The Xiaomi M365, a popular electric scooter used by several ride-share companies such as BIRD as well as for personal ownership, is vulnerable to remote hacking due to improper password validation.
The scooters are enabled with Bluetooth access which allows the user to interact with the scooters for multiple features including its Anti-Theft System, Cruise-Control, Eco Mode and updating the scooter’s firmware through a dedicated app on the user’s phone.
Zimperium researchers found the scooters were vulnerable to denial of service attacks, as a threat actor could lock a user out of operating the device, the deployment of malware which could take full control of the vehicles, or targeted attacks which could cause the scooter to suddenly break or accelerate.

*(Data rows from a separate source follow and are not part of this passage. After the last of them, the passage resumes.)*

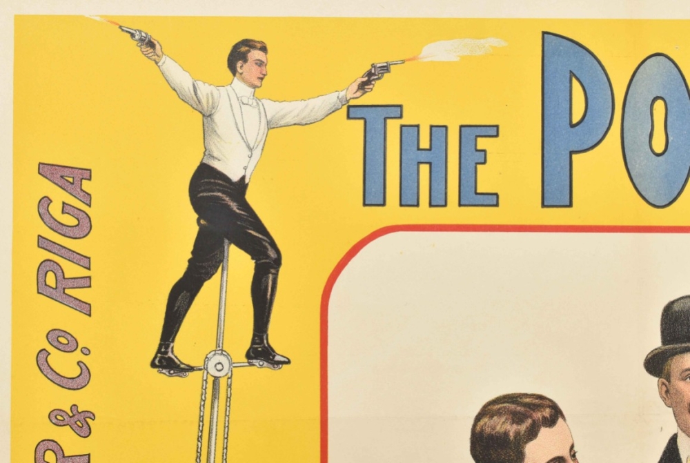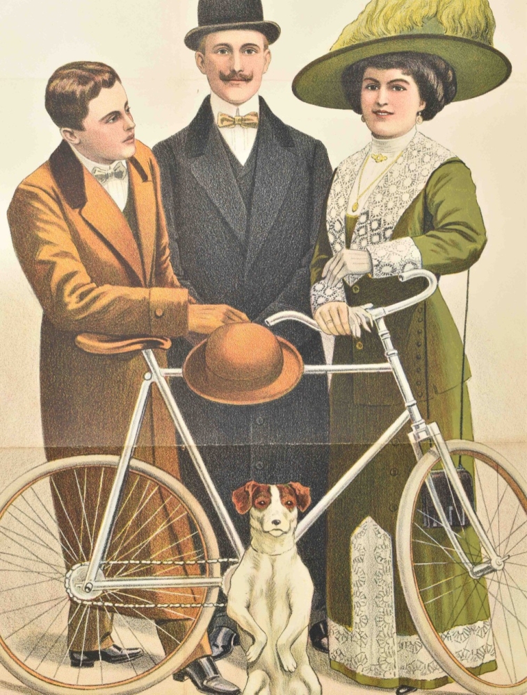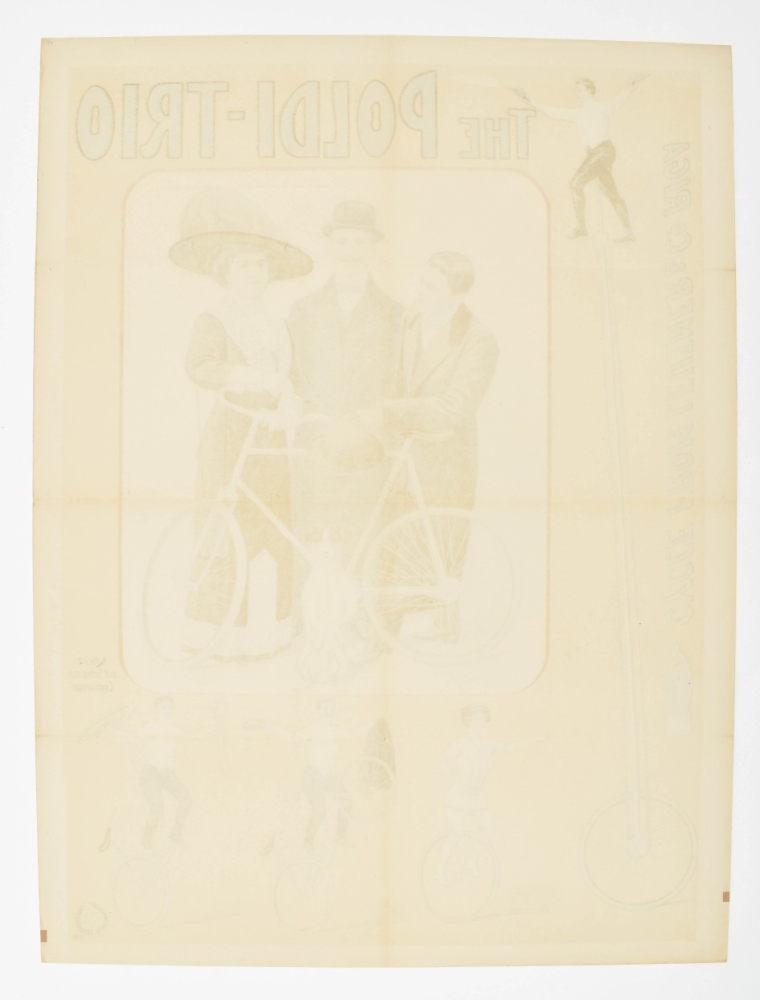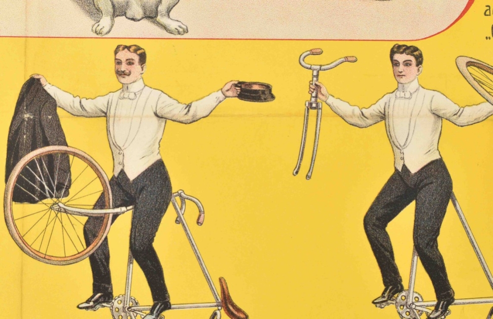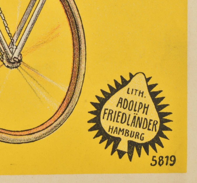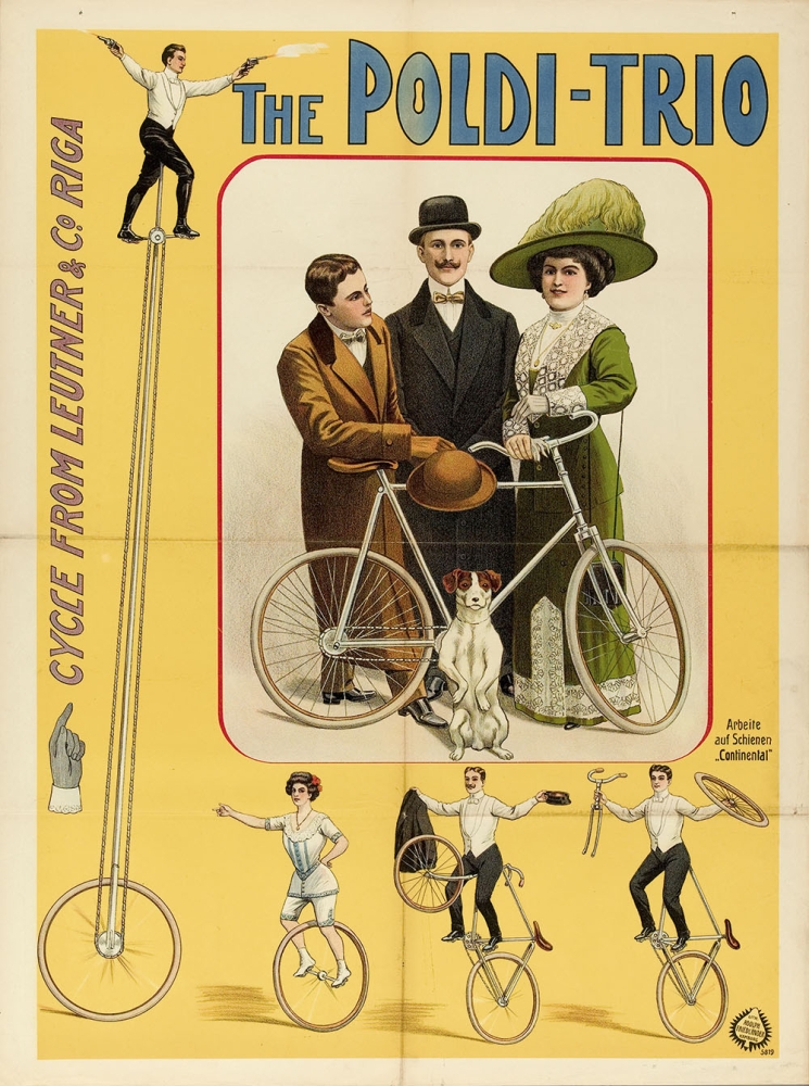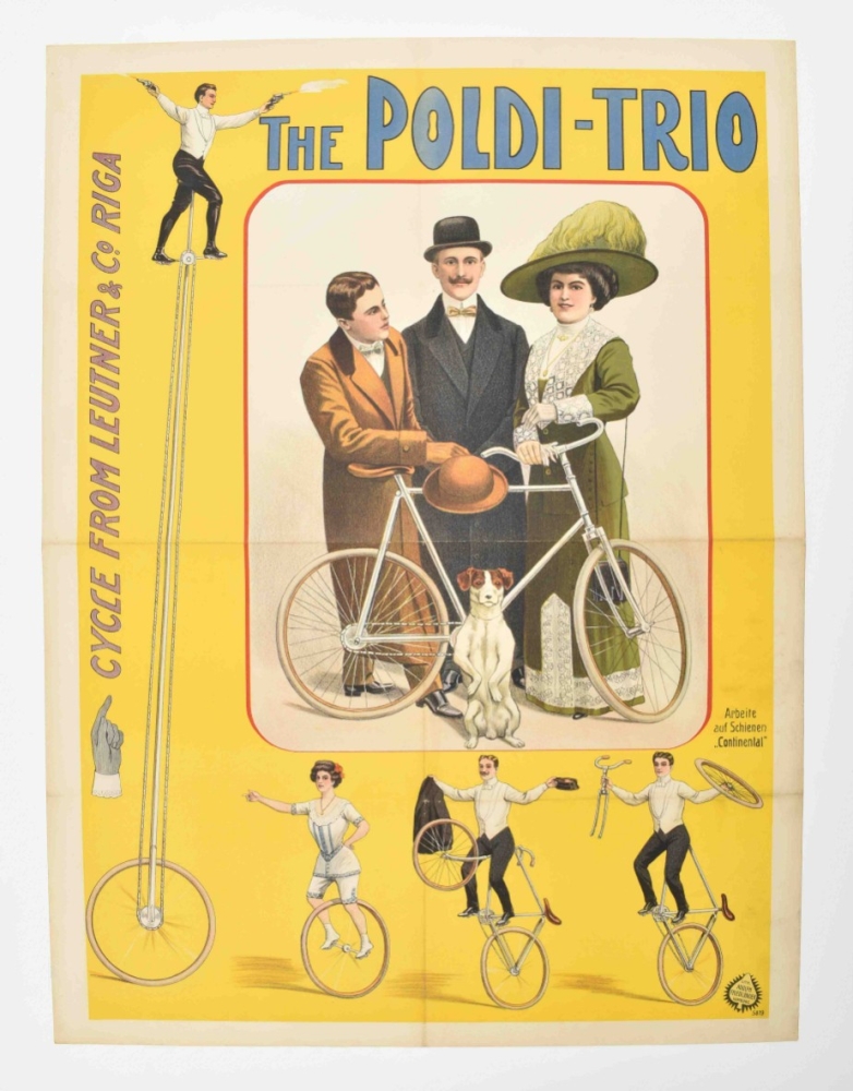 With a design of a very high unicycle by Leutner & Co. from Riga, the first and largest bicycle and motorcycle company in the Russian Empire. Friedländer, Hamburg, 1913. 96 x 71 cm. Lith. no. 5819.
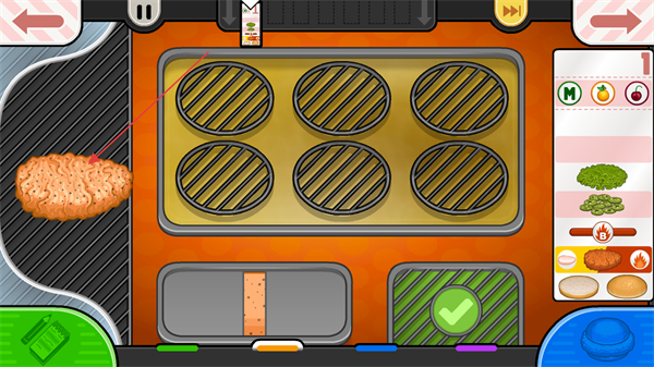 2、根據(jù)菜單提供食材,通過煎制肉餅等操作,制作漢堡。
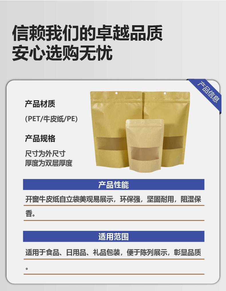 Bolsa de Papel Kraft con Ventana Esmerilada Autoportante con Cierre Ziplock Bolsa Sellada Bolsa de Papel Kraft para Té Bolsa para Empaque de Alimentos
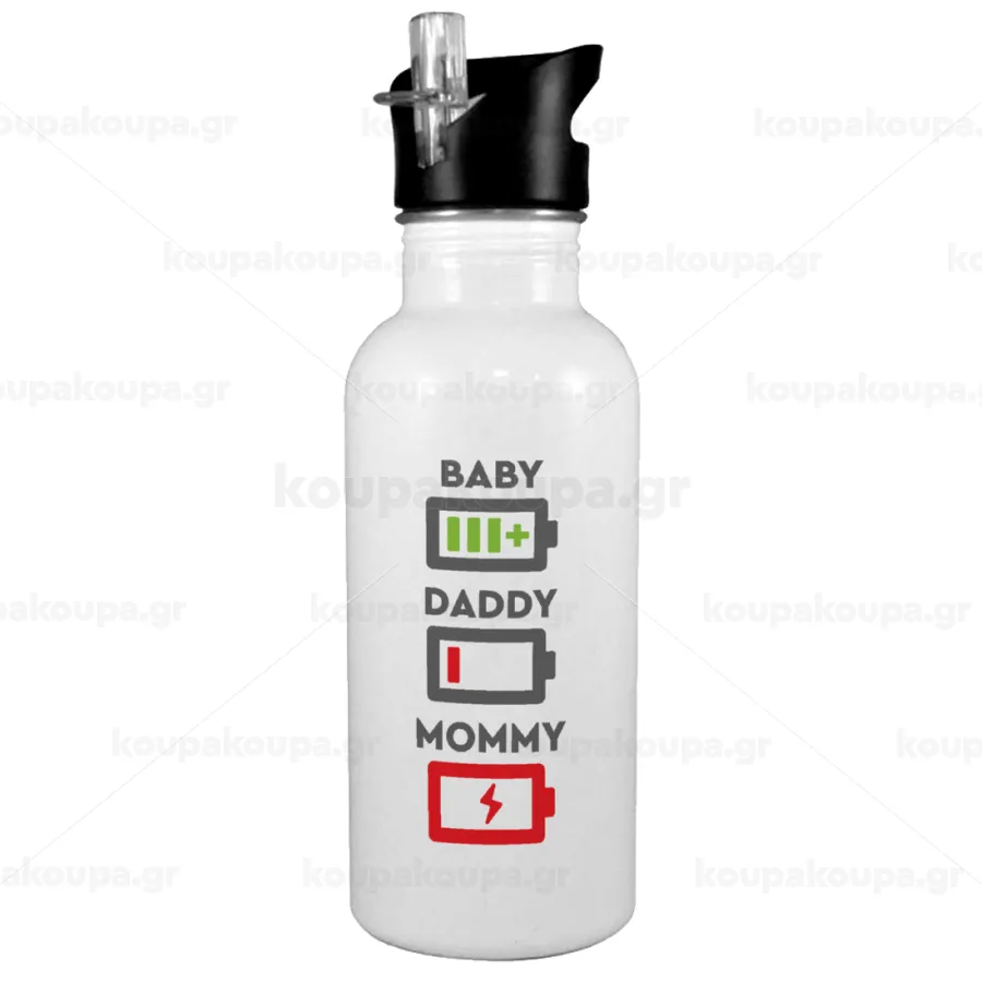 BABY, MOMMY, DADDY Low battery, Παγούρι νερού Λευκό με καλαμάκι, ανοξείδωτο ατσάλι 600ml
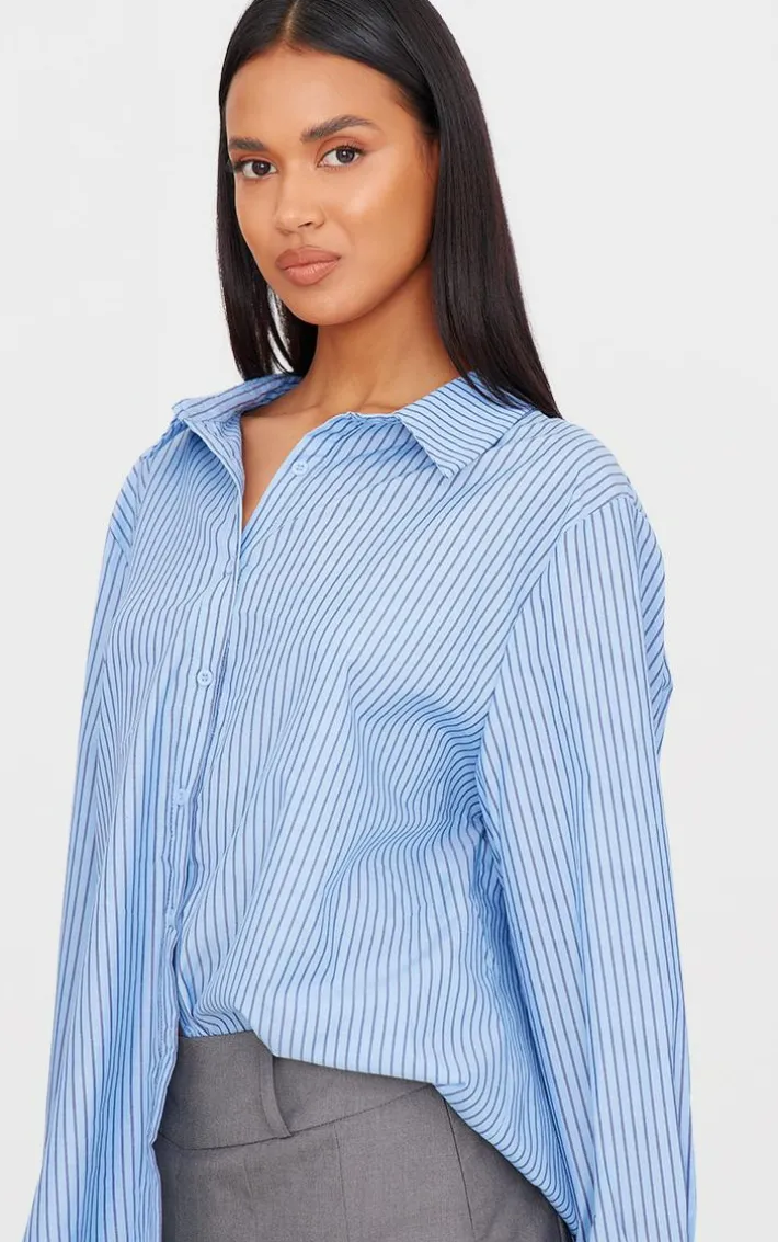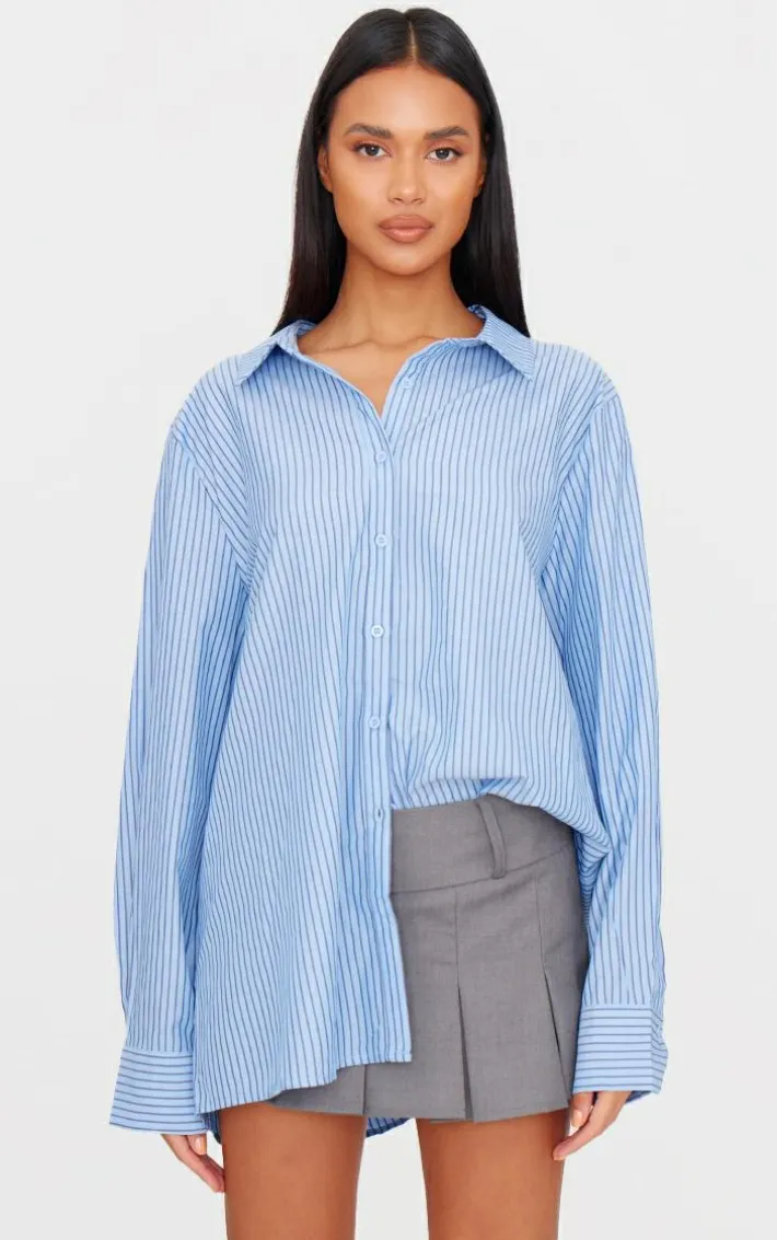 Channel those effortlessly cool vibes with this blue striped oversized shirt. Brought to you in a blue material with a striped design and oversized fit, it’s a must-have, versatile piece for your wardrobe. Team with some shorts, chunky loafers and your fave bag for an off-duty look like no other.
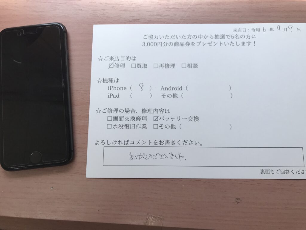 スマホスピタル 大阪梅田 【お客様の声】大阪市よりお越しのお客様iPhone8バッテリー交換修理をさせて頂きました。
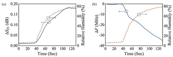 Measured results of the sensor. (a) Variation in transmission coefficient with change in relative humidity. (b) Variation in resonant frequency with change in relative humidity [95].
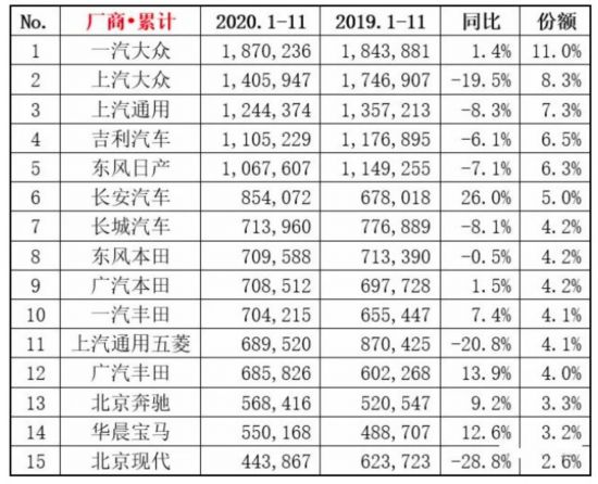12月10日,乘用車廠商十五強(qiáng)銷量榜單正式公布,其中漲跌各占半,雖然還剩下最后一個(gè)月銷量未能確定,但目前年度排名已經(jīng)基本成型。
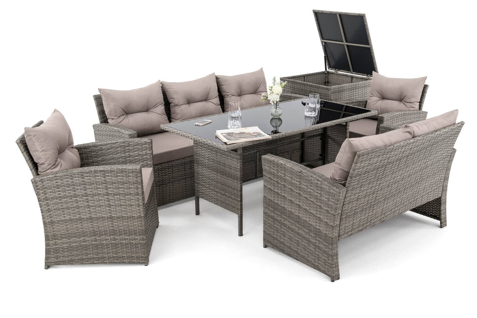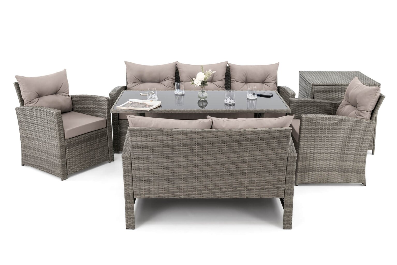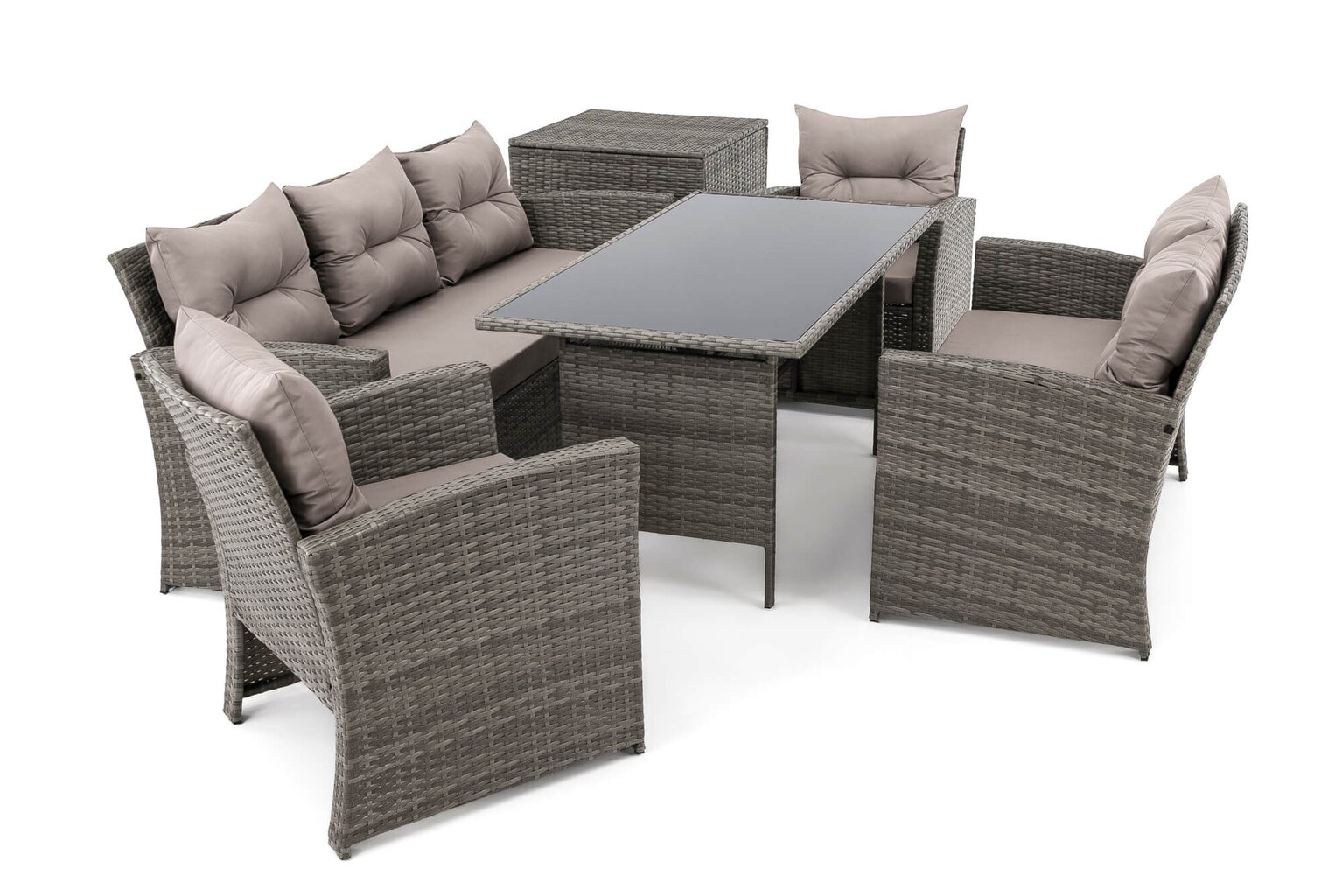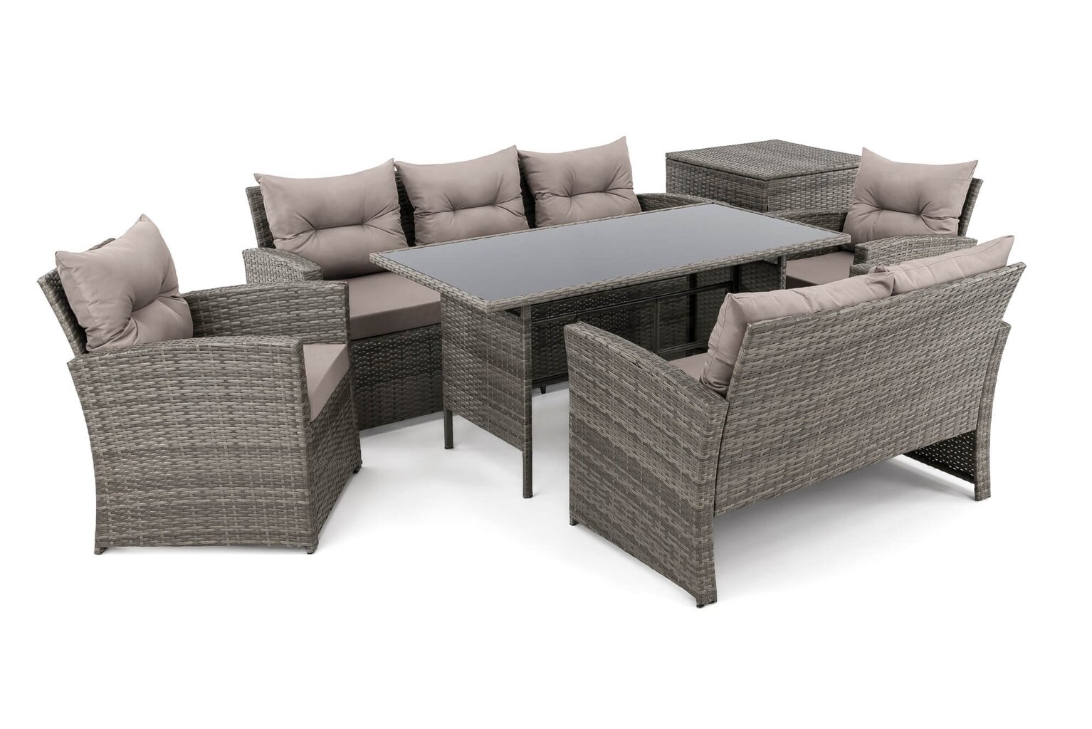 Komplektą sudaro: 1 trivietė sofa, 1 dvivietė sofa, 2 foteliai, 1 stalas, 1 dėžė pagalvėms

Although every scooter is protected by a password that can be changed by the owner, researchers found the scooter and all commands could be executed without the password because the password was only validated on the application side and the scooter itself doesn’t keep track of the authentication state, according to a Feb. 12 blog post that said, “we can use all of these features without the need for authentication."
To prevent an attacker from connecting to the M365 scooter remotely, it is possible to use Xiaomi’s application from your mobile before riding and connect to the scooter, once your mobile is connected and kept connected to the scooter an attacker won’t be able to remotely flash malicious firmware or lock your scooter,” the post said.
Fortunately a temporary mitigation solution was released for the scooter by using the Xiaomi mobile app to connect to the scooter before riding. As long as the mobile connection is kept between the mobile app and the scooter, an attacker won't be able to remotely flash malicious malware or lock the scooter.